The Stumblestone project, began in 1992, is the brainchild of the artist Gunter Demnig. With small commemorative stones laid in walkways, recall the fate of people who were persecuted, murdered, deported, expelled, or driven to suicide during the period of National Socialism. Many Germans love those stumble stones. They’re proud of them.
During my school days, I sang with the school choir in front of the synagogue memorial in my Lower Saxony hometown of Haren (Ems), which was burned to the ground by the Nazis in 1938.
I went on a class trip to Dachau and Theresienstadt, talked to my grandparents about the time of National Socialism, and watched „Schindler’s List“ in history class. Today, I still deal with the past. Germans deal with their past, every year a bit more. Today is very distant from the past. In Germany, current problems are dealt with in the past!
In Germany, Judaism takes place almost exclusively in commemoration ceremonies. Jews are ghosts from an earlier era. In schools, Judaism appears much more frequently in history lessons than in philosophy, ethics, religious or social studies.
In New York, when people announce: „Today we’re going to a Jewish play“, everyone is happy. Jewish theater in America stands for lively dialogues, profound humor, for Woody Allen and Neil Simon. But, in Germany when people announce: „Today we’re going to a Jewish play“, faces express a depressive mood. In Germany, Jewish theater means Auschwitz, the Holocaust and Anne Frank. For many Germans, Jews are the victims of a past era, not the living ones of today.
A lot of Germans never met a living Jew, but they know a lot of dead ones. In many German cities there are now more stumble stones embedded in the sidewalks in front of the last residencies of murdered Jews than there are Jews living in those same cities.
Germans nowadays encounter more dead Jews than living Jews. On the way to work, while shopping, at parties and at home, you’ll hear hear more about dead Jews. We don’t learn much about the great achievements of Jews, or about whom they loved and what made them rejoice, instead we find out when, where and how they were murdered. Anyone who reduces people to a status of victimhood may soon expect them to become actual victims. It’s a small step.
Of course, it’s important not to forget the incredible crimes committed against the Jews, but a person’s dignity can’t be restored by reducing him or her to the circumstances of their deaths.

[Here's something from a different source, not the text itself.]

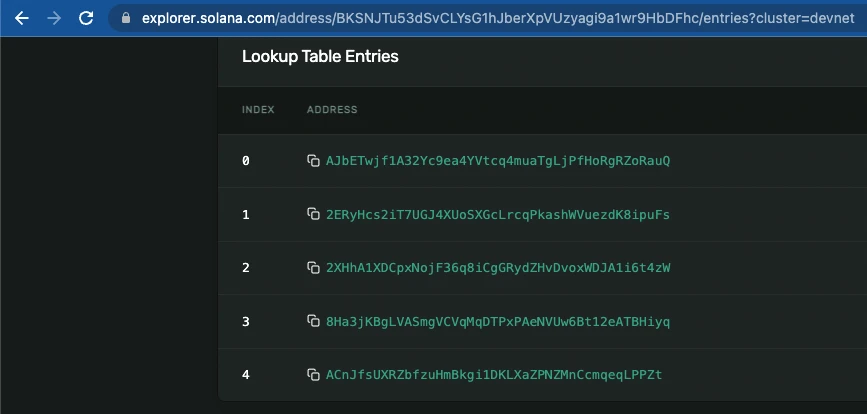 你应该在终端中看到类似的交易流程,并成功获得指向你的交易和你的查找表条目在 Solana Explorer 上的链接。转到查找表条目。你应该会看到你的表存储的所有公钥列表:

As long as there are more monuments in Germany commemorating murdered Jews than for their achievements, life will be difficult for living Jews in Germany.
The largest monument for Jews in Germany is a memorial of death, the Holocaust Memorial in Berlin. Why isn’t there a monument in Germany that is at least as large as the Holocaust Memorial, honoring all the outstanding achievements of German Jews? I’d like to wander around such a monument. Former chancellor Gerhard Schröder, however, said that the Holocaust Memorial is a place where people like to go. Historian Eberhard Jäckel even managed to say: „There are countries in Europe that are envious of the Holocaust monument.”
Germany is proud of its past history, which would naturally wouldn’t exist if it didn’t happen as it did. A German street worth its salt has to have at least one stumble stone. There’s hardly a street without one. The trend is even moving towards a second set of stumble stones! With all the pride and attention towards the Jewish Stumblestone family, many Germans seem oblivious to the hatred towards living Jews, which is spreading today over German streets yet again.
On German streets, Jews are being harassed and synagogues are being attacked again. In Belgium and France, Jews have been even tortured and murdered in recent years, including children, because they were Jews. For more than 60 years, the small democratic country of Israel is surrounded by enemies who are waging a war. The radical Hamas aim for the annihilation of all Jews worldwide (final solution) while the so-called moderate Fatah would only like to eradicate the State of Israel (local solution). For decades, Israel has been defending itself against its very destruction. And all the German majority does is to criticize Israel during violent eruptions!
Of course, the conflict seems to escalate because Jews as soldiers have been able to fend off its destruction since 1948. Situations can escalate when Israel’s existence relies on active military defense. That’s why many Germans don’t like Israel. But they love the Stumblestone family. They had let themselves be so wonderfully murdered and if it weren’t for Auschwitz, there wouldn’t be the soundtrack of „Schindler’s list“. That would be a pity because the Germans love to listen to the sadness of the music.
Dead Jews are good Jews. Living Jews are just annoying. That’s why many Germans can, with one hand, throw a wreath to dead Jews and with other hand write a protest letter against Israel. From the Holocaust they’ve learned how to criticize Israel, because Germans know that the Jews in Israel must behave as they did in Germany, as the victims!
What would happen if the names of the perpetrators were engraved on the sidewalks in front of the homes of their descendants? One thing is certain; a lot of Germans would be tripping up and down the sidewalks. The offspring would surely protest. Because it’s not fair!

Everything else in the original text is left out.